Green

Ted Tonks

My favourite colour is green. It's always been green. As a child my Mum had to keep a tight grip on my hand in every shop we went into to stop me touching everything green within my reach. Sweets, toys or clothes, I was a sucker for anything green.

Of course I dabbled in the little boy realms of blue and red. For my first week of Hogwarts it was yellow. I even once told my Mother it was pink to see what she would do. But I always come back to green.

It's just such a nice colour. No matter what shade. And there are a hell of a lot out there. All with fancy names I can't pronounce let alone remember.

She probably knows them all.

But my favourite shade is a really dark green that sends sparkles of light into the world when the sun hits it. That was the colour of my Dad's first car. I was five years old when we got it. To me it was the coolest thing in existence. I loved it when Dad would strap me into the front seat and we'd speed off to who cares where. I would hang my head out the window and grin at the green leaves of passing trees, green benches in the park and once the green sparks of a firework on Bonfire Night.

Part of the thrill of getting my Hogwarts letter was the green ink. The most exciting colour my Primary School used was red, and that was only the teachers and only for marking, never for proper writing. The tip of the magical world was in that green ink. Everything else Professor McGonagall explained to my parents was a bonus.

Flying brooms. Bubbling cauldrons. Plants that could swallow a little boy whole.

And green ink.

Magical.

When I found out about House colours I knew straight away I wanted to go into Slytherin. My new friend Alice laughed.

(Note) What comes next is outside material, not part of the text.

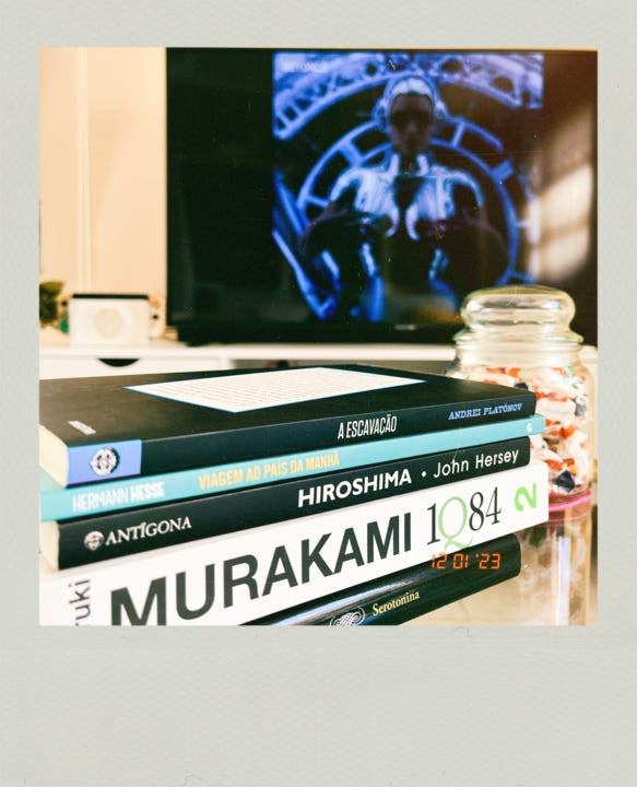 Para dezembro continuo a ler o “Confissões” de Santo Agostinho e “Stories of Books and Libraries” da Everyman. “Serotonina” foi o meu segundo Houellebecq e para já prefiro o “Partículas Elementares”, talvez pelo vinculo estabelecido com “Admirável Mundo Novo” do Aldous Huxley. Ainda mantenho a ideia deste escritor dificilmente ser capaz de me surpreender com um mau livro ou menos literário. Este em particular não acho inesquecível, relevante por um retrato das nuances da sociedade actual e isto já é fazer muito. A problemática da exploração e sofrimento animal, da insuficiente produção alimentar, a internet. A promessa química de uma forma de sofrimento menos emocional, a entrega da libido como forma de pagamento a uma outra lucidez não necessariamente para agir de forma a um fim diferente. Li o segundo volume de “1Q84”, estou a gostar bastante do livro e já iniciei a terceira parte. Tenho uma relação diferente com este escritor, talvez estabelecida nos mesmos parâmetros dos seus livros, com emoções diferentes, de natureza mais inexplicável e contemplativa. Até ver pode este ser o meu livro favorito do Murakami. “Hiroshima” de John Hersey é um livro breve e no qual me demorei. São facultados ao leitor seis testemunhos de sobreviventes ao ataque americano a “Hiroshima”. As várias descrições foram complicadas de assimilar e preferia então parar a leitura de forma recorrente. Achei uma leitura muito boa por acrescentar e, ao contrário do belo “Oppenheimer”, necessária.

"Oh no Ted! Slytherin's the worst House ever!"

And then I met some.

We had been kicked out of our own carriage by some older students, I later learned were Slytherins, and found another with two girls in it. They weren't Slytherins yet, but they were the nastiest girls I'd ever met. On our first train ride to Hogwarts they made sure I knew what I was and how much they hated it. The shorter girl with flashing eyes and inky curls took particular delight in spelling it out for me.

Mudblood.

Crushed that something green could be so mean, I was very pleased to go into Hufflepuff. My house mates were all smiling and clapping. They looked miles friendlier looking than any of the Slytherins.

But I still felt a small spark of jealously that Andromeda Black had been applauded loudly by a sea of green.

As I was sorted I caught a glance of her sneering mouth saw her mutter something to the girl next to her. The word she had called me earlier slithered from her mouth and into the ear of the girl who could only be her older sister.

Mudblood.

I decided yellow was my favourite colour.

Like I said, it didn't last long.

Green had introduced me to the wizarding world and it was determined to keep me there.

Professor Beery's green houses were full of green plants. Professor Slughorns potions could always be guaranteed to have at least one green ingredient. Even in Transfiguration Professor McGonagall's emerald cloak oversaw my frantic attempts to give a teapot legs. Yes green was the colour for me.

But for six and a half long years, just across the Great Hall, Andromeda Black held onto the little bit of green I couldn't have.

It was worse on Quidditch days. She would lounge against the person next to her in her emerald robes looking every inch a bitch. Every inch a sadistic, taunting, bigoted, beautiful bitch.

It was a few months into seventh year the last adjective popped into my mind. And it shocked me. She had always been a real stunner. Looks-wise half the school wanted to be her and the other half wanted to bang her as Frank Longbottom so delicately put it.

But it was at the first Quidditch match of my last year of Hogwarts, with my best friend Alice right behind me decked head-to-toe in red, that I realised Andromeda Black was beautiful.

I've always been a sucker for anything that's green.